I’ve been working with physicians for the past eight years on career diversification, satisfaction and mitigation of stress and burnout and can relate some common themes on why physicians are angry.
Unrealistic expectations
Many doctors enter medical school with an idealistic idea about what being a doctor entails. Television shows like Marcus Welby, M.D. and ER dramatize a doctor’s life. Picture this: You are a smart individual who likes science and wants to learn more about how the human body works. Throw in a desire to help people improve their lives. Put all those ideas together and the profession of medicine may seem like a good fit. Add the additional perceived perks of job security, a high salary, professional and personal respect and medicine seems to be the perfect career. I remember riding up the elevator with one of my mentors, a trauma surgeon at the UTSA Health Center in San Antonio. He had all the elements I just described and was the picture of confidence and charisma. I wanted to be just like him. It was the logical deduction of a 21-year old college student that by becoming a doctor, I would be. Over the years, as I came to the realization that my deductions might be false, it made me angry.
Lack of business training
Healthcare reform and federal government indecision on physician payment and the SGR formula have issued in an era of uncertainty for the future of the medical profession. When most of us enter medical school, we don’t understand how heavily the external landscape will directly impact provision of patient care and our salaries. In order to get accepted to medical school and then make it through medical school, we don’t get the training in how to understand, approach and navigate the external business environment. Then, we are thrown into it and expected to survive, thrive and smile. This lack of understanding and then control over external circumstances made me (and makes others) angry.
Culture of medicine
Most specialties take their residents through a training process that is akin to the hazing process one undergoes to join a sorority or a fraternity. Certain specialties are worse than others. Sometimes it’s not the specialty but a particularly malignant residency program. All of us spend many years having our self-confidence squashed over and over again. Remember, we aren’t taught the coping mechanisms of conflict management or the business skills to negotiate and navigate our situations. All this can lead to low self-esteem and breed self defense mechanisms. Some of these self defense mechanisms can be perceived as displays of anger and some of them are actual displays of anger. Hitting walls in frustration or yelling at traffic so hard your throat aches (like I did) are definite displays of anger.
External forces and stresses
Acute and chronic stresses, inseparable in the life of a doctor by the nature of the profession, can be factors driving anger. Some of the external stresses include:
- family and friends who don’t understand the mental exhaustion that can result from daily pressures of patient demands and making sure a patient is diagnosed correctly and well taken care of;
- perceptions that doctors make millions of dollars (many doctors have trouble making payroll for their office staff each month);
- lack of respect for our time and decision making ability by the people we want to help;
- external healthcare environment entities (insurance companies, the government, etc.) without our training making medical decisions for us and then refusing to pay us for our expertise and the medical decision making skills we gave up years to attain; and
- expectations of perfection by everyone around us.
Many people forget that medicine is an art and diagnosing an individual isn’t like following a recipe for making cookies.

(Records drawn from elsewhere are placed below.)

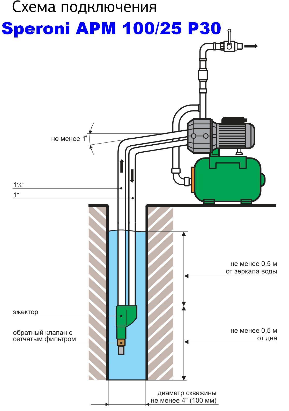 Прежде чем запускать систему по забору воды из источника под землей, необходимо удостовериться, что оборудование подключено правильно. Если используется эжектор, то проверяется наличие линии рециркуляции и ее подсоединение к накопительному баку. Когда применяют однотрубное подключение к помпе, нужно заранее подготовить к работе гидроаккумулятор.
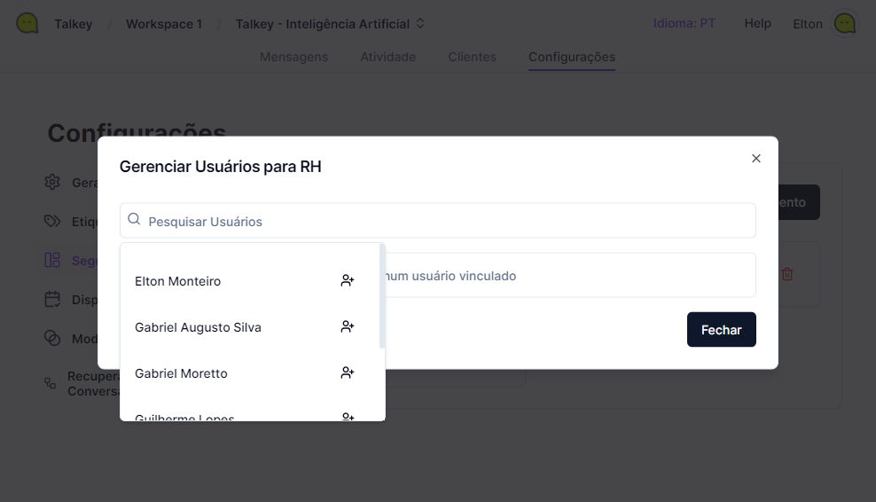 - No painel do Talkey, clique na aba “Configurações” na parte superior da tela.
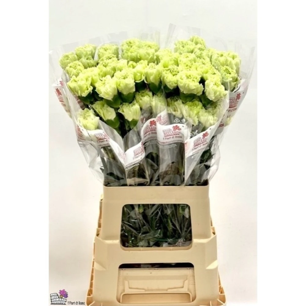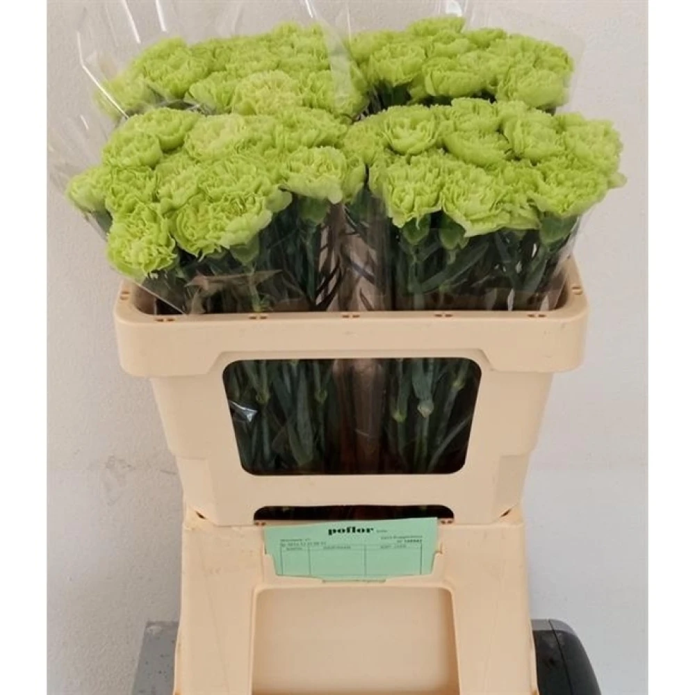 Svazek 20 jednokvětých karafiátů Green Shot překvapí svou neobvyklou světle zelenou barvou, která připomíná svěžest jarního rána. Tato barva přináší do každého prostoru pocit obnovy a života, ideální pro netradiční dekorace nebo jako originální dárek. Velmi vhodná součást květinových vazeb.

Others want a prescription for the medicine they saw on television; still others expect to respond to treatment right away and express frustration when it doesn’t happen that way.
All of these things made me, and have been know to make other doctors, angry.
That being said, please don’t just assume all doctors are angry. There is an increasing tendency to classify all doctors as angry or unhappy. This can lead to perceptions and expectations about a doctor’s behavior that aren’t always true. Doctors, particularly ones in high stress specialties like OB-GYN, surgery and critical care, are required to make critical decisions in a critical time frame. There might not be time to say “please”, or “thank you”, or “how are your kids doing”, when orders need to be given and followed in order to save someone’s life.
And who isn’t angry about healthcare today? Who isn’t frustrated with the pace of change and the pressure to please the affiliates, the accreditors, the payers, the bank, and the patients?
Solution?
Is there a solution?
Some find the solution is leaving medicine, some find it is concierge medicine, some find it is becoming an employee instead an employer.
Approaching things as an opportunity and in a positive manner can make a tremendous difference in the outcome. There are basic steps you can take but the most important thing to remember is that each physician is unique and each situation is unique. There isn’t one black and white reason why a physician is angry or seems angry, nor is there one answer for every angry physician.
In this time of enormous healthcare upheaval and health reform policy decisions, there is an opportunity to create a vehicle, either for yourself or for your practice, that improves collaboration and communication. It’s possibly a time to set everyone up for future success in a soon-to-be-fully-defined accountable care organization (ACO) or medical home model. It’s a time for organizations and physicians to increase their commitment to supporting each other and building an environment that sees and treats doctors as a precious resource.